[Start of Attachment]

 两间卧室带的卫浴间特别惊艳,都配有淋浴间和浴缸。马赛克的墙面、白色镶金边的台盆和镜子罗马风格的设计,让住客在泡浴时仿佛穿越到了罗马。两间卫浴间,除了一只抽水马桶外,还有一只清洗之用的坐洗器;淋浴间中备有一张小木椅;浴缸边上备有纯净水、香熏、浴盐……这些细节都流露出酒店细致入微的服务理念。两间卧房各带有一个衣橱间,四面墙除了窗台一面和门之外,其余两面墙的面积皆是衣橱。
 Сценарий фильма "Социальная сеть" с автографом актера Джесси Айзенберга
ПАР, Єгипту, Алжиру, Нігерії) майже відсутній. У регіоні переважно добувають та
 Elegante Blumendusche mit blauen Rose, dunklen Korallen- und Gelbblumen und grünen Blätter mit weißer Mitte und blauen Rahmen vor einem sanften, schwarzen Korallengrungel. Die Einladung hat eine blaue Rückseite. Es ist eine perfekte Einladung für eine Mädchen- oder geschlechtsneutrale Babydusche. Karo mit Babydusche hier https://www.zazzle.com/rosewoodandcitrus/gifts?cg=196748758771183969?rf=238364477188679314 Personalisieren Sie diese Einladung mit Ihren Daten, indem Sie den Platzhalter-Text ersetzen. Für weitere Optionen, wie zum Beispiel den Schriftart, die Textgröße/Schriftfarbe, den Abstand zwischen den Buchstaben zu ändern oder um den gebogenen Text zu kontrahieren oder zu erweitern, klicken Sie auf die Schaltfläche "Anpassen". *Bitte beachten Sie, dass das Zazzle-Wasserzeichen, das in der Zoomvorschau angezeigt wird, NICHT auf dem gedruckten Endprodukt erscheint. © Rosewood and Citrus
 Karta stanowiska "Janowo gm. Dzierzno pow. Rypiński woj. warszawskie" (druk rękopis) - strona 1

[End of Attachment]
[Start of Attachment]

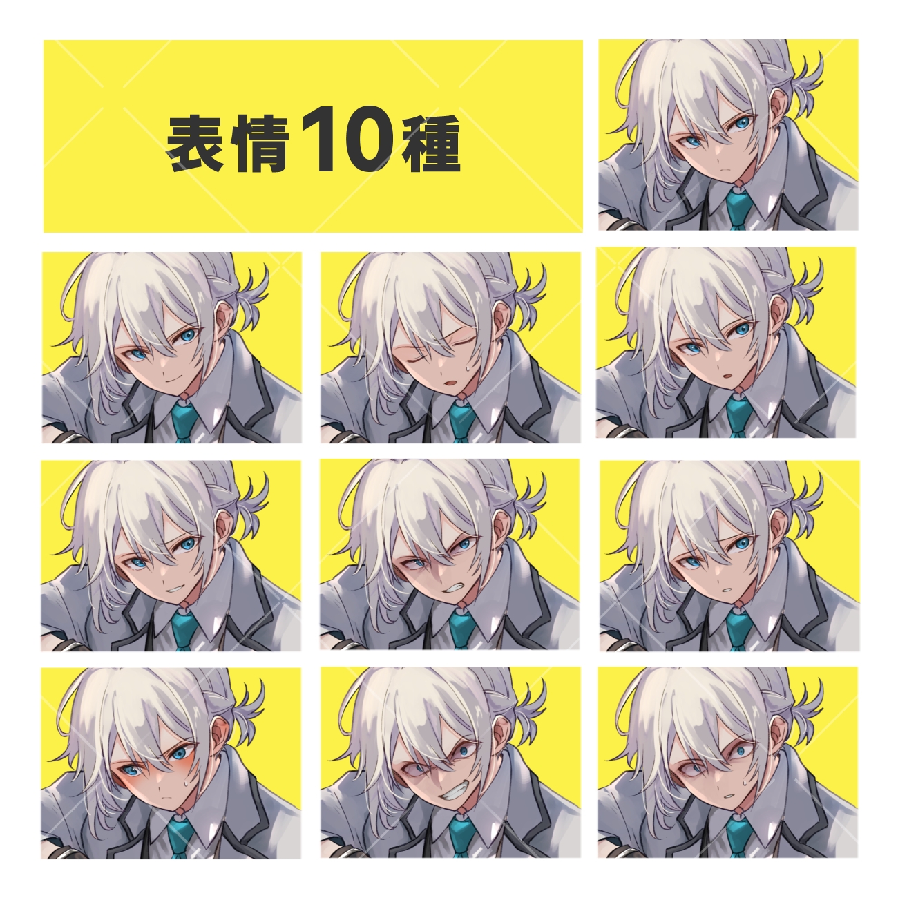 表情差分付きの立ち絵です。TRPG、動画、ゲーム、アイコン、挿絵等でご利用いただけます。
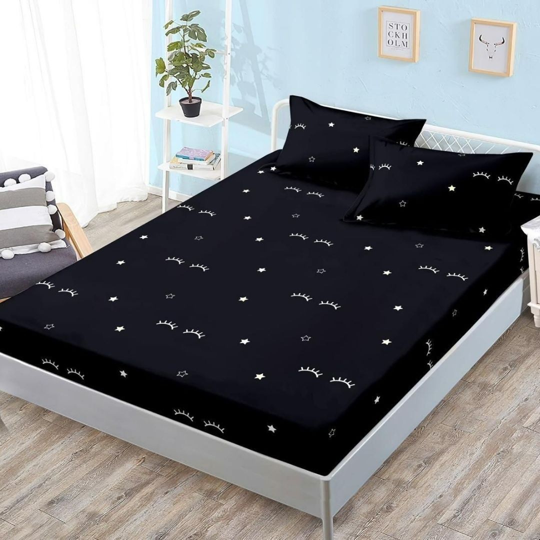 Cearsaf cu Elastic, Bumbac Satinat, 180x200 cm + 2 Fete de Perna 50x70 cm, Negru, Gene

[End of Attachment]

■ Task objective
Given the records above, return exactly the lines starting at the line containing "актера Джесси Айзенберга" and ending at the line containing "ПАР, Єгипту, Алжиру, Нігерії)", including both.

■ Result of the task
 Сценарий фильма "Социальная сеть" с автографом актера Джесси Айзенберга
ПАР, Єгипту, Алжиру, Нігерії) майже відсутній. У регіоні переважно добувають та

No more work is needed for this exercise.